Indeed, when I was in Niger, it was surprising to see how many Western Union offices there were. I took advantage of them once – I was wired some money to buy airline tickets home to the US. They charged a fat 5 five-percent fee – the more money you send the more expensive it gets.

This is why I was happy to read the article about remittances to Latin America – part one of the series I’m linking above. Money creates money. If America is good at anything, it’s at creating money like there is no tomorrow. Every dollar I leave in my bank becomes part of a big pot, and that pot of cash gets loaned out to businesses, home-owners, etc and becomes more cash, which gets loaned out again. This is controlled, ultimately, by the Federal Reserve Bank – headed until recently by the famed Alan Greenspan. The Fed, as they are called, sets the interest rates that banks charge each other for overnight loans and transfers. The higher the interest rates, the more expensive, in effect, the money supply becomes. Those interest rates are eventually passed on to businesses and consumers.
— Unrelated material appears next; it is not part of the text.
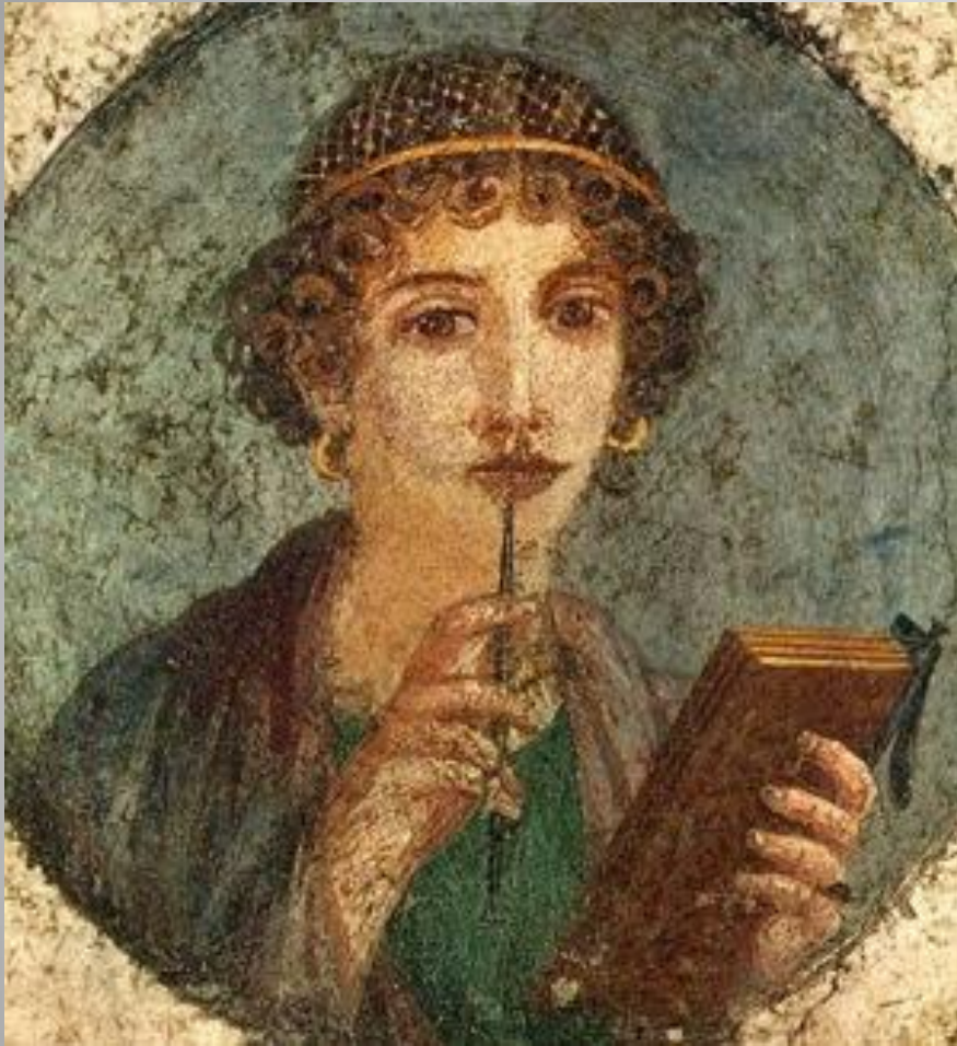
«Η στοχάστρια» Φρέσκο στην Πομπηία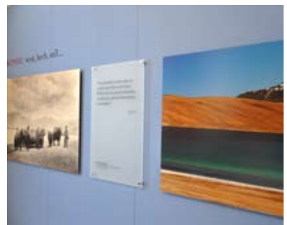
Blick in die Ausstellung 2

So right now, for instance, the housing market is slumping because interest rates are higher – making a home loan monthly payments potentially much more expensive than one or two years ago, when a 30-year fixed was only four percent or so.

Mexico, by recognizing the value of the billions of dollars in remittance money, is doing a great service to their people by strengthening the personal banking sector in the rural areas where remittances go. These recipients will no longer keep their money in shoe-boxes or spend the cash right away – they are made to feel more confident in the banking system to put their money in the banks, which then lend the money out, creating more and more capital. It’s very exciting when you think about the possibilities.

It makes great sense, from a Sustainable Development perspective – to encourage this kind of practice. This is the essence of home-grown, sustainable development; it’s people lifting themselves up and helping each other. Where we, as Americans or citizens of the developed world can help – is to encourage good governance and the rule of law in the countries we support. We can clearly see the difference between Mexico and Haiti and how the billions of remittance dollars are being used. Haiti’s governmental infrastructure is almost non-existent, and there is no confidence in the rule of law – that is why Lundi, the subject of this article, has to go down to Haiti himself to hand out his cash. Mexico, on the other hand, has a government functioning well enough to enforce banking regulations and foster their citizen’s confidence enough to trust banks with their cash.